[ensembl-dev] getting exons from database directly

Andrea Edwards edwardsa at cs.man.ac.uk
Fri May 6 17:04:38 BST 2011


Hi Bert,


I agree with your code and i agree with the sql i originally posted. I 
don't understand why biomart and this perl code (below)
are only returning 25k, and it seems too coincidental they are returning 
the same number

The difference in results is huge.
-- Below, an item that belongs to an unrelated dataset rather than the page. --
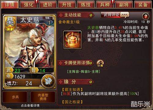 游戏中的太史慈作为一员步兵,虽然只是SR的品质,但是出色的武力成长和生命成长深受各位主公喜爱。更是拥有超强技能“舍命救主”可以牺牲自身少量生命值,在5秒内提升自身闪避,并且使普攻附加基于目标最大生命值系数的伤害,可以说一旦技能释放,太史慈瞬间变成猛虎,无情的撕咬他的对手。

What exons is this code missing? All 
i could think of was predicted exons but it seems
unlikely there are 25k known exons and (250k-25k = 225k) predicted exons 
not assigned to genes. I don't even know if ensembl deals with predicted 
exons.
I got the same 'discrepancy' with figures when i tested human too.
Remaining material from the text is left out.